PROBLEM DESCRIPTION: Your job is to write out each record precisely as it stands.

──────

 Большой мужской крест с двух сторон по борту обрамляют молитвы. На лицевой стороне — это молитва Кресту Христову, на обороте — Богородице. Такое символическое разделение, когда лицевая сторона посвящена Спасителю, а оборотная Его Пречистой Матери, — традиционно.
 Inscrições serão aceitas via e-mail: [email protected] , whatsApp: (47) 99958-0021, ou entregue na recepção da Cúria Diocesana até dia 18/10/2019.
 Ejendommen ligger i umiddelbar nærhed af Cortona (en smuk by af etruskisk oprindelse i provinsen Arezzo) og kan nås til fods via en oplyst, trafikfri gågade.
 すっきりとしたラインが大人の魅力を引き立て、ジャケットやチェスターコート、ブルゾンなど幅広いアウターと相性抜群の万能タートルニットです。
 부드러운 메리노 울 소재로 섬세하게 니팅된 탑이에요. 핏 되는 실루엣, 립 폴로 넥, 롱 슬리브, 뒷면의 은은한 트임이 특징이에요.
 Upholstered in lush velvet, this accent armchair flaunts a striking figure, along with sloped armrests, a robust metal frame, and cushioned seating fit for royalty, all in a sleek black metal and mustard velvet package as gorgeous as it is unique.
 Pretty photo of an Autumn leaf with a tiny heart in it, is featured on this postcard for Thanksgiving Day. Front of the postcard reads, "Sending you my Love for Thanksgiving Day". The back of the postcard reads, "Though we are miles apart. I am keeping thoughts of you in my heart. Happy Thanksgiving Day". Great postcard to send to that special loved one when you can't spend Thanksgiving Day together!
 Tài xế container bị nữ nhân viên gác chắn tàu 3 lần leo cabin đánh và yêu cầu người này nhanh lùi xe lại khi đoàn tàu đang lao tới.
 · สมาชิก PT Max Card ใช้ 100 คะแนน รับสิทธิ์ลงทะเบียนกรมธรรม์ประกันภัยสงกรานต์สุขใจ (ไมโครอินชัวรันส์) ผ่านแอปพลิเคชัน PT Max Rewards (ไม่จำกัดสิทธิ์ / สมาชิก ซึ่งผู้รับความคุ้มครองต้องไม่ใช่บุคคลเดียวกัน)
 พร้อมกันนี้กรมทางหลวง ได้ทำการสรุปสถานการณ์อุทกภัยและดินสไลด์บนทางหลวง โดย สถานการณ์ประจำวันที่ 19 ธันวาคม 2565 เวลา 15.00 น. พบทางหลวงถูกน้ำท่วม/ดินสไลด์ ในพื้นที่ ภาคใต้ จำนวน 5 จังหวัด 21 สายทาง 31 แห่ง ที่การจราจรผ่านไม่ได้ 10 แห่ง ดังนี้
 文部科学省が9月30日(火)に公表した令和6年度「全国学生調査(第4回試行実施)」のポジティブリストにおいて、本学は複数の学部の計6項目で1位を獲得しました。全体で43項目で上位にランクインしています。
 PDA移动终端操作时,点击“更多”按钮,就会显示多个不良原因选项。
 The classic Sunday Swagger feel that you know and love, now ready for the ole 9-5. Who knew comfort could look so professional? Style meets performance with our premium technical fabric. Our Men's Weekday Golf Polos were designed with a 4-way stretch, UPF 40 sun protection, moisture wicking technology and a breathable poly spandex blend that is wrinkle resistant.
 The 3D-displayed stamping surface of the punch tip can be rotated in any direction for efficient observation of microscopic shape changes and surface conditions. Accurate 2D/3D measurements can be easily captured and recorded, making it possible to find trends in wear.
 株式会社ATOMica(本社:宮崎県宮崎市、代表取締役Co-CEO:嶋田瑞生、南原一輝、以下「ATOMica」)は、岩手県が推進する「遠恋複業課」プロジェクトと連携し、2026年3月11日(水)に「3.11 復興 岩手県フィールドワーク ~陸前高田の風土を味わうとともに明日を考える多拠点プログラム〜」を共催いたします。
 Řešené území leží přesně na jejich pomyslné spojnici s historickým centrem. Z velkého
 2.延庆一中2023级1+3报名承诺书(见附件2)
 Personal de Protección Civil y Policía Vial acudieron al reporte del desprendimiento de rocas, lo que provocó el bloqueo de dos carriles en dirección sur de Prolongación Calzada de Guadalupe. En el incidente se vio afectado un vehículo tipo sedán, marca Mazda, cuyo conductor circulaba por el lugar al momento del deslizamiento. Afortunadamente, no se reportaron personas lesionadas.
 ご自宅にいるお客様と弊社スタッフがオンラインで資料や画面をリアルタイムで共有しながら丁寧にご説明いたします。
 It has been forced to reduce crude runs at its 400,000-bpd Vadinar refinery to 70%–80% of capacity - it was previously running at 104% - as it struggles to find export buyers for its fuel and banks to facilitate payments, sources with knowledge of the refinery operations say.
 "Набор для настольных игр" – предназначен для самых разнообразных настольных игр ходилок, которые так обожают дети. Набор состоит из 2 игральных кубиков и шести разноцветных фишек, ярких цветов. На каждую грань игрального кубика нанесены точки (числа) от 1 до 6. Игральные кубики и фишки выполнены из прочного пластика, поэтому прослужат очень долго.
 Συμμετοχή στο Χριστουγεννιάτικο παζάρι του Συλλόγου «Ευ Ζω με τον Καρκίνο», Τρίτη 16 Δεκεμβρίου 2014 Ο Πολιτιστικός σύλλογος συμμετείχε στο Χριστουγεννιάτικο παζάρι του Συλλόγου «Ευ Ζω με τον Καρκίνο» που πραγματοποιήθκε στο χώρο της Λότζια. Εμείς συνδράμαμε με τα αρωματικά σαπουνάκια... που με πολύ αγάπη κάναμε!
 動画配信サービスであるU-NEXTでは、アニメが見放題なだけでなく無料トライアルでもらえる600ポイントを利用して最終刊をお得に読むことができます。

──────

TASK RESULT:
 Большой мужской крест с двух сторон по борту обрамляют молитвы. На лицевой стороне — это молитва Кресту Христову, на обороте — Богородице. Такое символическое разделение, когда лицевая сторона посвящена Спасителю, а оборотная Его Пречистой Матери, — традиционно.
 Inscrições serão aceitas via e-mail: [email protected] , whatsApp: (47) 99958-0021, ou entregue na recepção da Cúria Diocesana até dia 18/10/2019.
 Ejendommen ligger i umiddelbar nærhed af Cortona (en smuk by af etruskisk oprindelse i provinsen Arezzo) og kan nås til fods via en oplyst, trafikfri gågade.
 すっきりとしたラインが大人の魅力を引き立て、ジャケットやチェスターコート、ブルゾンなど幅広いアウターと相性抜群の万能タートルニットです。
 부드러운 메리노 울 소재로 섬세하게 니팅된 탑이에요. 핏 되는 실루엣, 립 폴로 넥, 롱 슬리브, 뒷면의 은은한 트임이 특징이에요.
 Upholstered in lush velvet, this accent armchair flaunts a striking figure, along with sloped armrests, a robust metal frame, and cushioned seating fit for royalty, all in a sleek black metal and mustard velvet package as gorgeous as it is unique.
 Pretty photo of an Autumn leaf with a tiny heart in it, is featured on this postcard for Thanksgiving Day. Front of the postcard reads, "Sending you my Love for Thanksgiving Day". The back of the postcard reads, "Though we are miles apart. I am keeping thoughts of you in my heart. Happy Thanksgiving Day". Great postcard to send to that special loved one when you can't spend Thanksgiving Day together!
 Tài xế container bị nữ nhân viên gác chắn tàu 3 lần leo cabin đánh và yêu cầu người này nhanh lùi xe lại khi đoàn tàu đang lao tới.
 · สมาชิก PT Max Card ใช้ 100 คะแนน รับสิทธิ์ลงทะเบียนกรมธรรม์ประกันภัยสงกรานต์สุขใจ (ไมโครอินชัวรันส์) ผ่านแอปพลิเคชัน PT Max Rewards (ไม่จำกัดสิทธิ์ / สมาชิก ซึ่งผู้รับความคุ้มครองต้องไม่ใช่บุคคลเดียวกัน)
 พร้อมกันนี้กรมทางหลวง ได้ทำการสรุปสถานการณ์อุทกภัยและดินสไลด์บนทางหลวง โดย สถานการณ์ประจำวันที่ 19 ธันวาคม 2565 เวลา 15.00 น. พบทางหลวงถูกน้ำท่วม/ดินสไลด์ ในพื้นที่ ภาคใต้ จำนวน 5 จังหวัด 21 สายทาง 31 แห่ง ที่การจราจรผ่านไม่ได้ 10 แห่ง ดังนี้
 文部科学省が9月30日(火)に公表した令和6年度「全国学生調査(第4回試行実施)」のポジティブリストにおいて、本学は複数の学部の計6項目で1位を獲得しました。全体で43項目で上位にランクインしています。
 PDA移动终端操作时,点击“更多”按钮,就会显示多个不良原因选项。
 The classic Sunday Swagger feel that you know and love, now ready for the ole 9-5. Who knew comfort could look so professional? Style meets performance with our premium technical fabric. Our Men's Weekday Golf Polos were designed with a 4-way stretch, UPF 40 sun protection, moisture wicking technology and a breathable poly spandex blend that is wrinkle resistant.
 The 3D-displayed stamping surface of the punch tip can be rotated in any direction for efficient observation of microscopic shape changes and surface conditions. Accurate 2D/3D measurements can be easily captured and recorded, making it possible to find trends in wear.
 株式会社ATOMica(本社:宮崎県宮崎市、代表取締役Co-CEO:嶋田瑞生、南原一輝、以下「ATOMica」)は、岩手県が推進する「遠恋複業課」プロジェクトと連携し、2026年3月11日(水)に「3.11 復興 岩手県フィールドワーク ~陸前高田の風土を味わうとともに明日を考える多拠点プログラム〜」を共催いたします。
 Řešené území leží přesně na jejich pomyslné spojnici s historickým centrem. Z velkého
 2.延庆一中2023级1+3报名承诺书(见附件2)
 Personal de Protección Civil y Policía Vial acudieron al reporte del desprendimiento de rocas, lo que provocó el bloqueo de dos carriles en dirección sur de Prolongación Calzada de Guadalupe. En el incidente se vio afectado un vehículo tipo sedán, marca Mazda, cuyo conductor circulaba por el lugar al momento del deslizamiento. Afortunadamente, no se reportaron personas lesionadas.
 ご自宅にいるお客様と弊社スタッフがオンラインで資料や画面をリアルタイムで共有しながら丁寧にご説明いたします。
 It has been forced to reduce crude runs at its 400,000-bpd Vadinar refinery to 70%–80% of capacity - it was previously running at 104% - as it struggles to find export buyers for its fuel and banks to facilitate payments, sources with knowledge of the refinery operations say.
 "Набор для настольных игр" – предназначен для самых разнообразных настольных игр ходилок, которые так обожают дети. Набор состоит из 2 игральных кубиков и шести разноцветных фишек, ярких цветов. На каждую грань игрального кубика нанесены точки (числа) от 1 до 6. Игральные кубики и фишки выполнены из прочного пластика, поэтому прослужат очень долго.
 Συμμετοχή στο Χριστουγεννιάτικο παζάρι του Συλλόγου «Ευ Ζω με τον Καρκίνο», Τρίτη 16 Δεκεμβρίου 2014 Ο Πολιτιστικός σύλλογος συμμετείχε στο Χριστουγεννιάτικο παζάρι του Συλλόγου «Ευ Ζω με τον Καρκίνο» που πραγματοποιήθκε στο χώρο της Λότζια. Εμείς συνδράμαμε με τα αρωματικά σαπουνάκια... που με πολύ αγάπη κάναμε!
 動画配信サービスであるU-NEXTでは、アニメが見放題なだけでなく無料トライアルでもらえる600ポイントを利用して最終刊をお得に読むことができます。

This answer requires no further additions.